Monsignor Nunzio Galantino: “Una sfida vinta contro la cultura dello scarto. I risultati ottenuti rappresentano un valore aggiunto per tutti”.
Tanti e sotto gli occhi di tutti, eppure invisibili, perché è più facile girarsi dall’altra parte. Sono gli homeless, le persone senza fissa dimora, che popolano le stazioni di tutto il mondo, le panchine dei parchi, le sedie nelle sale d’attesa del pronto soccorso, gli angoli delle strade, dove chiedono con discrezione qualche centesimo. E spesso non per mangiare, ma per comprare un cartone di vino a poco prezzo o una birra con cui dimenticare per qualche minuto la loro realtà sospesa nel vuoto. Ultimi degli ultimi, anche perché nessuno dà loro una chance di riabilitarsi e di integrarsi. Anche se le potenzialità ci sono tutte.
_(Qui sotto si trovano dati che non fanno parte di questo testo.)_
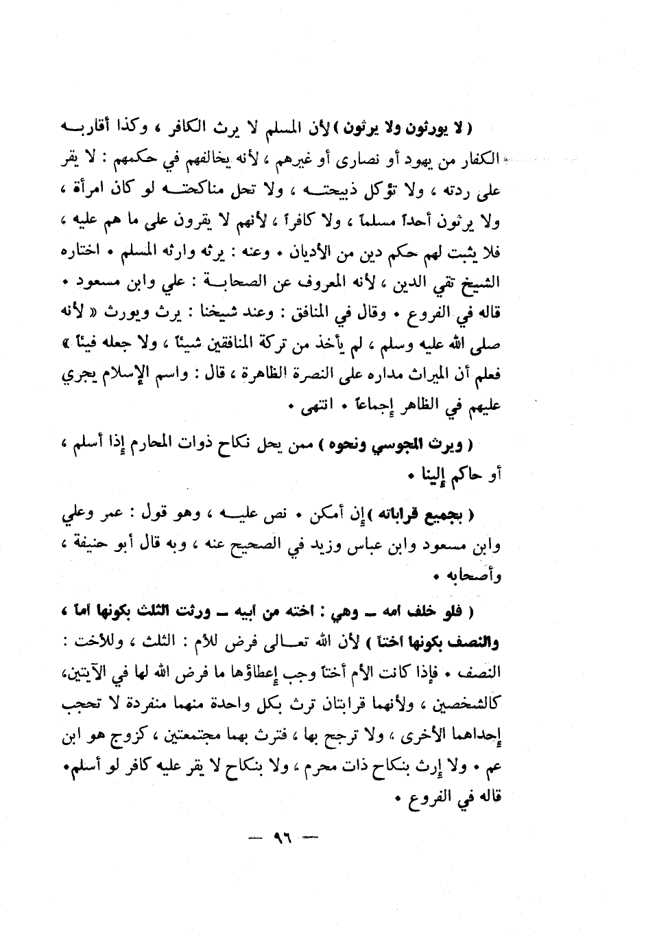 "لا يورثون ولا يرثون" لأن المسلم لا يرث الكافر، وكذا أقاربه الكفار من يهود أو نصارى أو غيرهم، لأنه يخالفهم في حكمهم: لا يقر على ردته، ولا تؤكل ذبيحته، ولا تحل مناكحته لو كان امرأة. ولا يرثون أحداً مسلماً، ولا كافراً، لأنهم لا يقرون على ما هم عليه، فلا يثبت لهم حكم دين من الأديان. وعنه: يرثه وارثه المسلم. اختاره الشيخ تقي الدين، لأنه المعروف عن الصحابة: علي وابن مسعود. قاله في الفروع. وقال في المنافق: وعند شيخنا: يرث ويورث لأنه صلى الله عليه وسلم لم يأخذ من تركة المنافقين شيئاً، ولا جعله فيئاً فعلم أن الميراث مداره على النصرة الظاهرة، قال: واسم الإسلام يجري عليهم في الظاهر إجماعاً. انتهى.

E lo dimostra uno studio condotto dal gruppo del professor Giovanni Addolorato, responsabile dell’Unità di Medicina Interna e Patologie Alcol-Correlate, Fondazione Policlinico Universitario Agostino Gemelli IRCCS, associato di Gastroenterologia all'Università Cattolica, campus di Roma, che opera all’interno del Dipartimento di Scienze Mediche e Chirurgiche del Gemelli, diretto dal professor Antonio Gasbarrini, ordinario di Medicina interna all'Università Cattolica, appena pubblicato su Alcohol and Alcoholism, rivista ufficiale della European Society for Biomedical Research on Alcoholism, titolo “Make Mission Impossible Feasible:The Experience of a Multidisciplinary Team Providing Treatment for Alcohol Use Disorder to Homeless Individuals”. Si tratta di un piccolo studio proof of concept, prezioso per quello che ha dimostrato e unico nel suo genere.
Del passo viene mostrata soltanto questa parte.